Andrew Hope inherits Melstone House from his grandfather, along with the old man's field-of-care, which stretches into the countryside around the house and the local town of Melstone. Unfortunately Andrew does not fully understand the implications of what he has taken on. When orphaned Aidan Cain runs away from his foster home and turns up at Melstone House, having been told by his grandmother to go there if he's ever in danger, he brings changes in his wake. Andrew is made to remember some of the magical things his grandfather told him, and comes to understand a dangerous deal made between his ancestor and reclusive neighbour Mr Brown. How does this connect with the beautiful stained glass in Melstone House, and why are there so many people who look similar turning up.

I'm a big fan of Diana Wynne Jones, having discovered her books as a teenager and reading loads of them, even when I guess I was technically too old for most of them (not that that should be an issue with books, they are designed to be enjoyed whatever your age). Enchanted Glass is a standalone children's book set in a fictional part of rural England, with a brief diversion into London. As with many of Jones's books the setting is one where there seems to be magic, but it is not quite out in the open. Many of the main characters have some form of magic that is inherently linked to their personality - another staple of Jones's work. In the case of Stashe O'Connor it only manifests in small ways, but both Andrew and Aidan have a lot of magical talent, even if neither fully understands what they can do and they have to help each other to discover their powers.

Andrew Hope and Aidan Cain (whose name no one can get right) are the main characters. Man and boy have quite a few similarities. Both had a close relationship with a magical grandparent, both have family issues that are only partly explored.
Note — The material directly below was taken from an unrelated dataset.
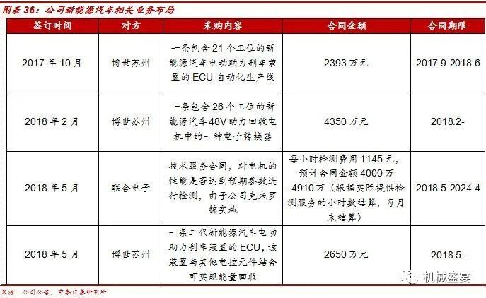 产品受龙头认可,国内首家持续供货博世集团。在汽车电子自动化领域,公司是第一家供货联合电子自动化装备的国内厂商,同时与博世(苏州)保持了长期的业务合作关系,2017年对博世系的销售占总营收的72.86%。公司持续签订新能源汽车类业务合同,2017年10月-2018年累计与博世系签订合同金额约为1.5亿元,主要集中在新能源汽车刹车助力、动力回收ECU制造领域,同时与联合电子签订新能源汽车电机检测合同。
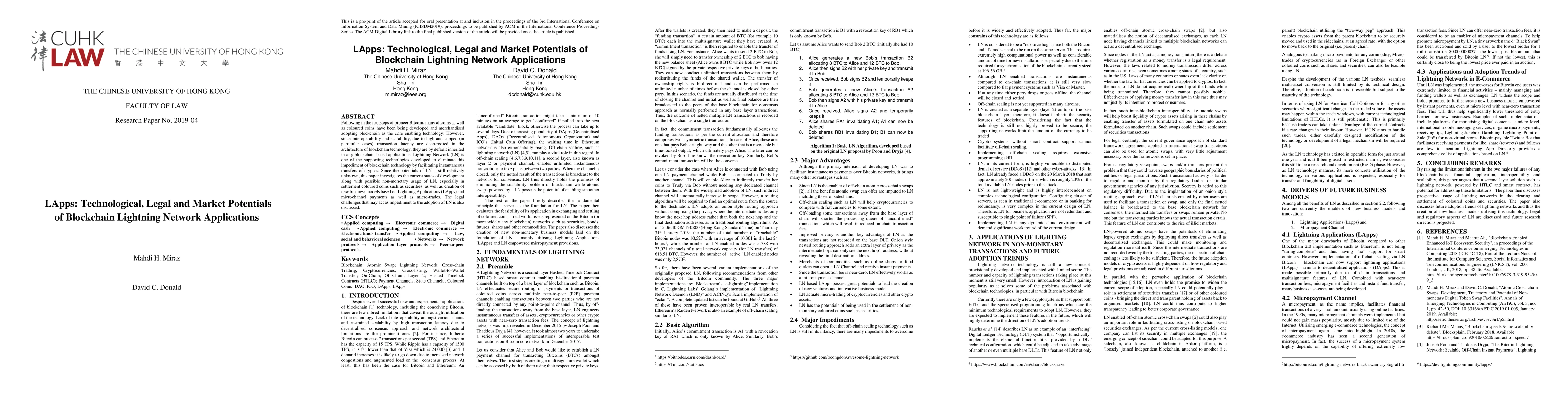This paper explores the Lightning Network's potential to address blockchain's scalability and latency issues, enabling instant crypto transfers. It also examines non-monetary uses of LN, such as settlement of coloured coins like securities, and the creation of new business models through Lightning Applications (LApps) and microchannel payments. Legal challenges hindering LN adoption are discussed.

Both can do powerful magic, but aren't quite sure of themselves. Academic Andrew seems very passive and non-confrontational, causing him to have a reputation as an absent-minded professor (not that he is a professor at all). When in fact he arranges things to avoid confrontation and has a very solid presence that he doesn't always reveal. Aidan is a brave kid who runs from London to strangers in Melstone House when weird forces pursue him. He is able to show Andrew a child's-eye view of things, and reminds him of things that he had forgotten when grown up and preoccupied with adult concerns. Stashe O'Connor is the main female character, who is manipulated into helping in Andrew's house by her uncle, but soon proves invaluable at spotting when odd things are happening and sorting out problems.
The book is full of supporting characters from the small town of Melstone. Most of them have the surname Stock (Jones rightly shows that in some parts of England you do find people who aren't directly related who all have the same surname). Andrew's housekeeper and gardener are both determined to keep doing things their way and scheme against him and each other to gain the upper hand. The conflict between these characters is domestic and well written, providing much entertainment as well as contributing to the plot as much as the actions of the main characters. They are perhaps caricatures, but they are bold and memorable.

This is a fun book, full of personality and magic. The plot is well paced and rarely falls into obvious or predictable patterns. It has many of the elements often found in Jones's other stories, including an antagonist who is not immediately apparent, a modern link to folktale characters, magic in unexpected places and people getting on with their lives in the face of the unusual.